- **DIRECTIONS FOR THIS TASK**: All of the lines below are to be transcribed faithfully, with pictures excluded from the copy.

- **GIVEN MATERIAL**:
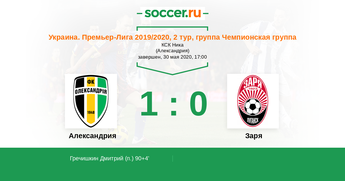 Украина. Премьер-Лига 05.07.2020 Заря Логотип футбольный клуб Заря (Луганск) 2:2 Логотип футбольный клуб Александрия Александрия
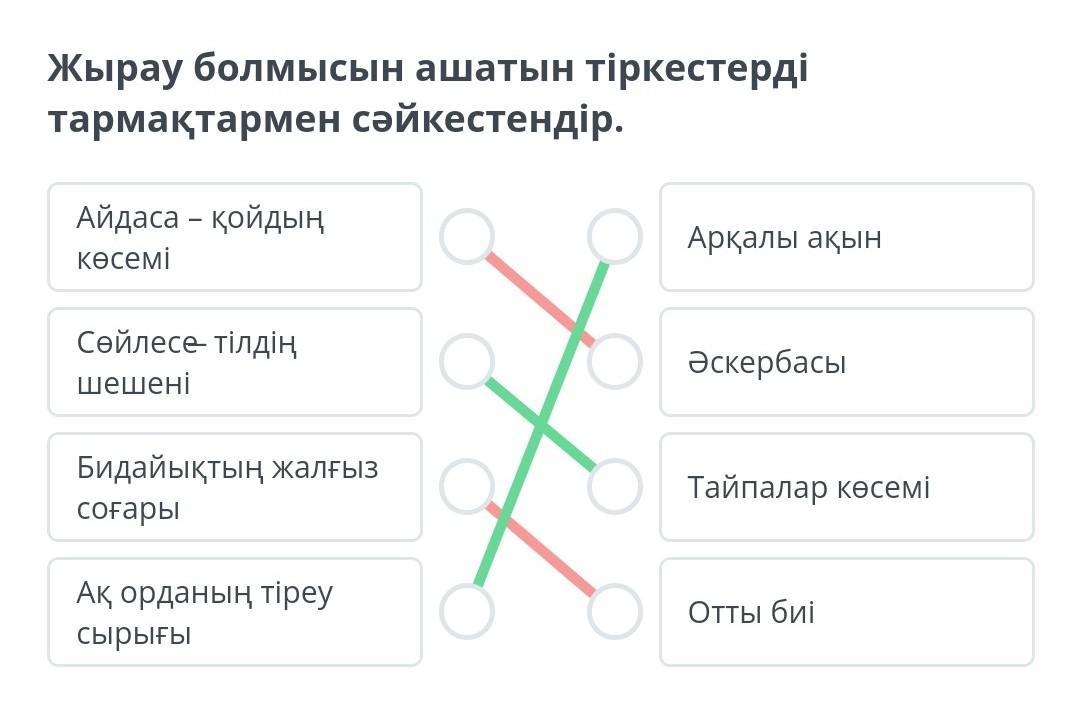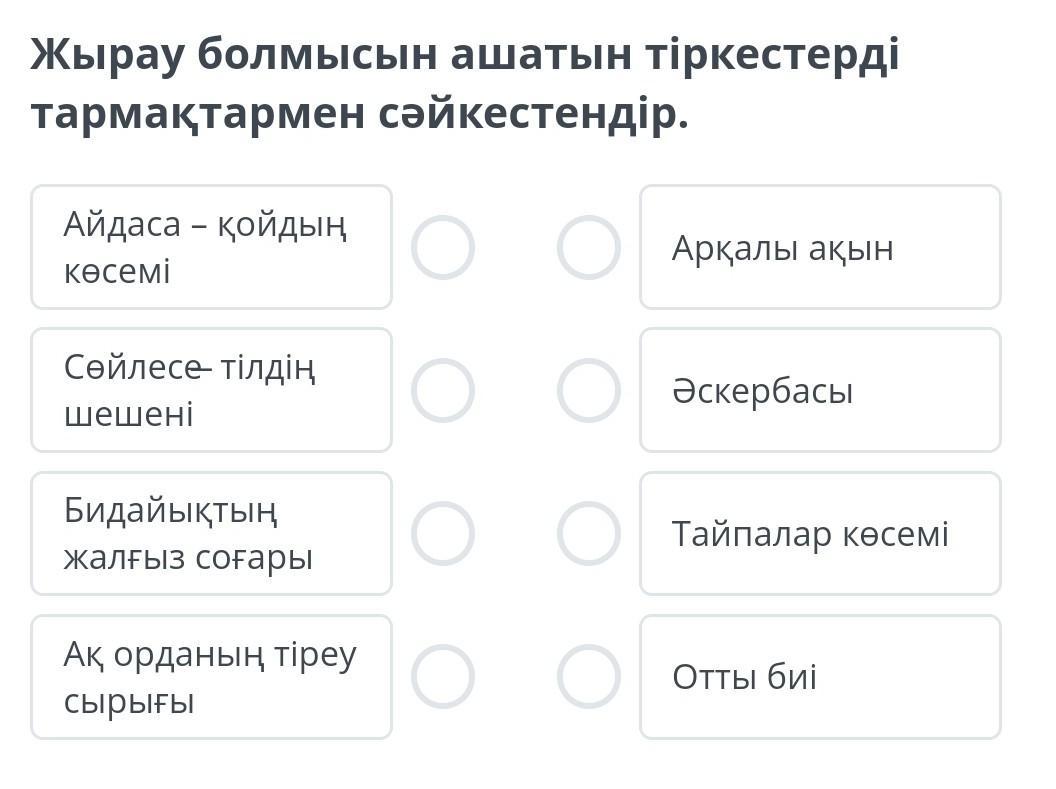 Жырау болмысын ашатын тіркестерді тармақтармен сәйкестендір.
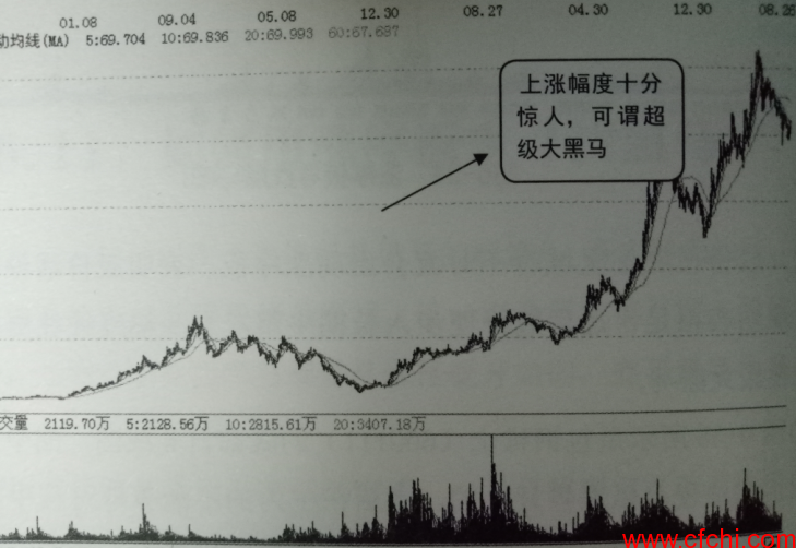 如图3所示为该股的整体日K线图,图中显示该股自底部起出现长期牛市行情,股价最高上摸80元附近,而再看图3所示的底部区域股价只是几元而已。可见该股上涨幅度很大,且持续时间长,可谓千古难遇的超级大黑马。如果你能在该股底部发现涨停板的特点可能该黑马就属于你了。

- **RESULT FOR THIS EXERCISE**:
 Украина. Премьер-Лига 05.07.2020 Заря Логотип футбольный клуб Заря (Луганск) 2:2 Логотип футбольный клуб Александрия Александрия
 Жырау болмысын ашатын тіркестерді тармақтармен сәйкестендір.
 如图3所示为该股的整体日K线图,图中显示该股自底部起出现长期牛市行情,股价最高上摸80元附近,而再看图3所示的底部区域股价只是几元而已。可见该股上涨幅度很大,且持续时间长,可谓千古难遇的超级大黑马。如果你能在该股底部发现涨停板的特点可能该黑马就属于你了。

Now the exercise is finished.